Please print the line that holds "Make sure to" and each line after it to the end of the data, word for word, without any pictures.

**Collected material**.
Content starts
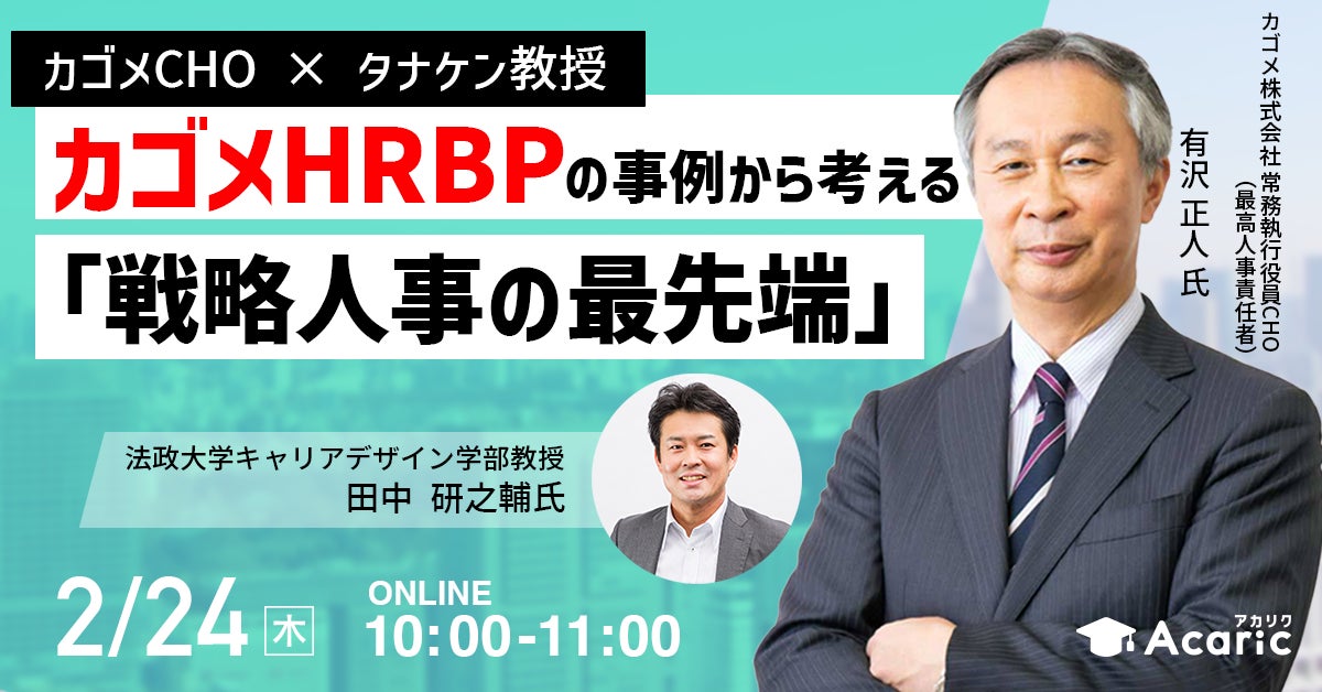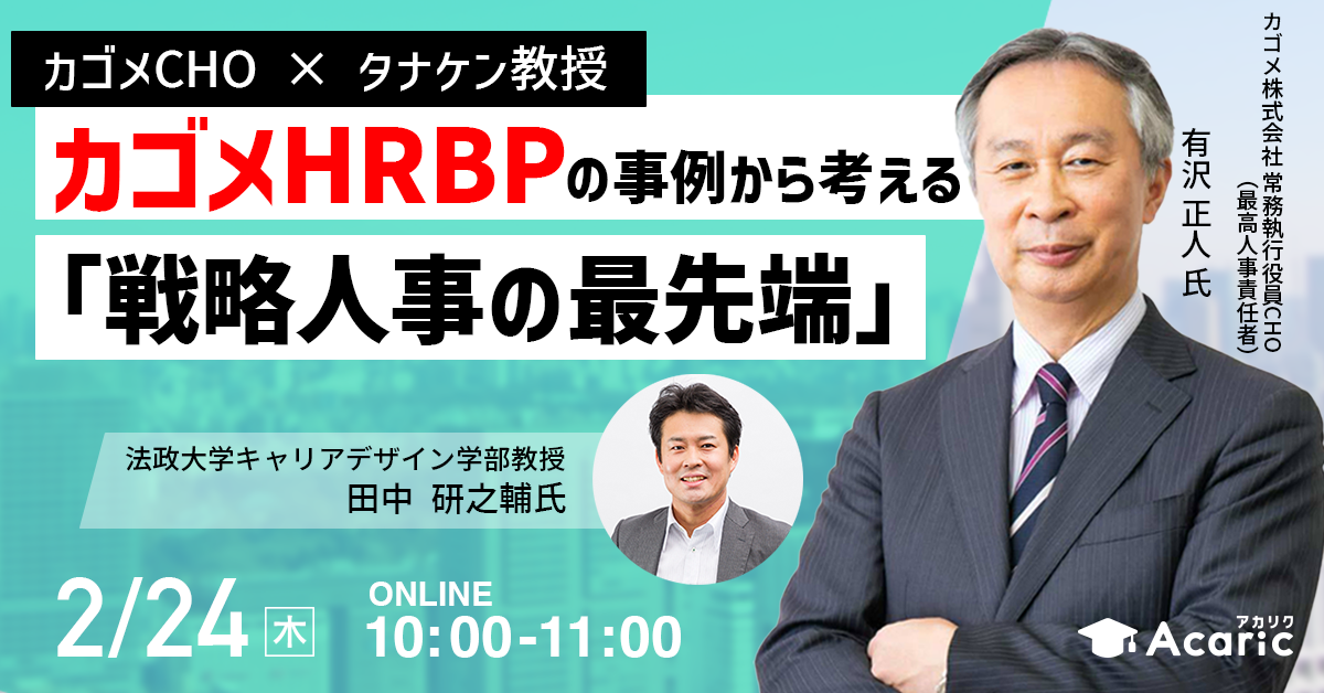 大学院生・研究者のキャリア支援を行っている株式会社アカリク(本社:東京都渋谷区、代表取締役:山田 諒、以下「弊社」)は、カゴメ株式会社 常務執行役員CHO 有沢氏と、法政大学教授の田中氏をゲストとしてお迎えし、『カゴメHRBPの事例から考える「戦略人事の最先端」』と題した戦略人事に関するウェビナーを開催いたします。
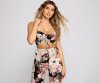 Make sure to pack this tropical crop top for your next island getaway! It features a sleeveless, v-neckline, spaghetti straps, ruched front with tie and a cropped hem. Complete the look in the matching pants.
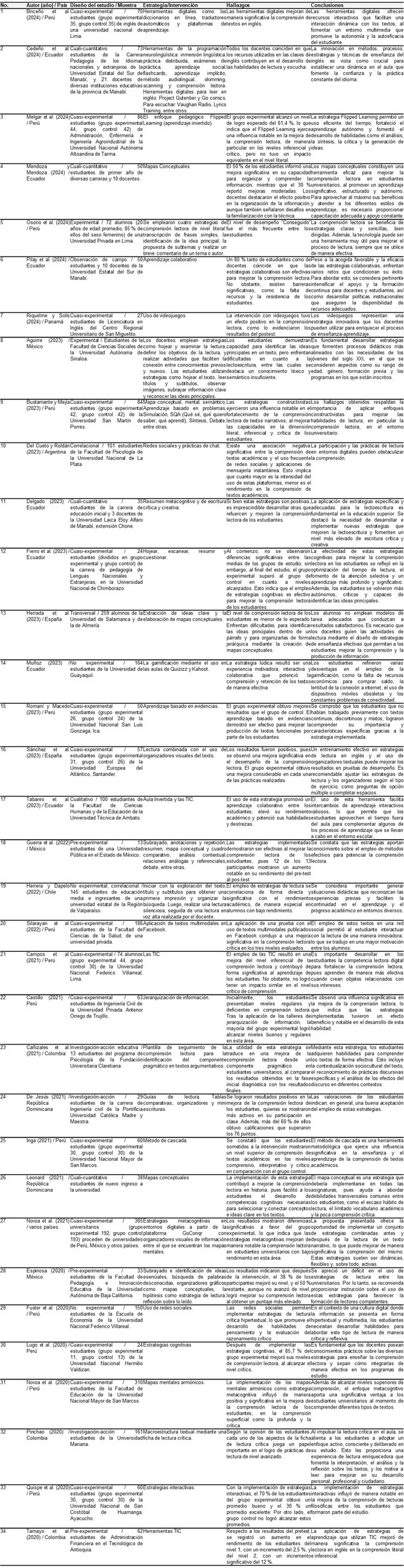 En la Tabla 1 se han resumido las 34 investigaciones que proponen estrategias para mejorar la comprensión lectora en estudiantes universitarios. Con el fin de facilitar la evaluación de la efectividad de estas propuestas, se registró información detallada de cada estudio como los autores, el año de publicación, el país, el diseño del estudio, los detalles de la muestra (número de participantes y universidad), la estrategia de comprensión lectora implementada (intervención), así como los principales hallazgos y conclusiones.
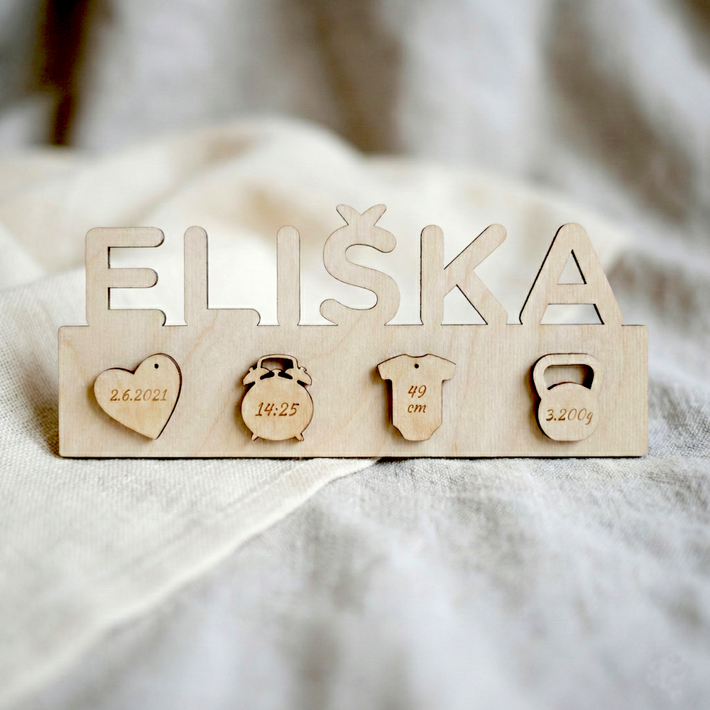 - Dřevěné jméno s porodními údaji
Content ends
**Written response**.
 Make sure to pack this tropical crop top for your next island getaway! It features a sleeveless, v-neckline, spaghetti straps, ruched front with tie and a cropped hem. Complete the look in the matching pants.
 En la Tabla 1 se han resumido las 34 investigaciones que proponen estrategias para mejorar la comprensión lectora en estudiantes universitarios. Con el fin de facilitar la evaluación de la efectividad de estas propuestas, se registró información detallada de cada estudio como los autores, el año de publicación, el país, el diseño del estudio, los detalles de la muestra (número de participantes y universidad), la estrategia de comprensión lectora implementada (intervención), así como los principales hallazgos y conclusiones.
 - Dřevěné jméno s porodními údaji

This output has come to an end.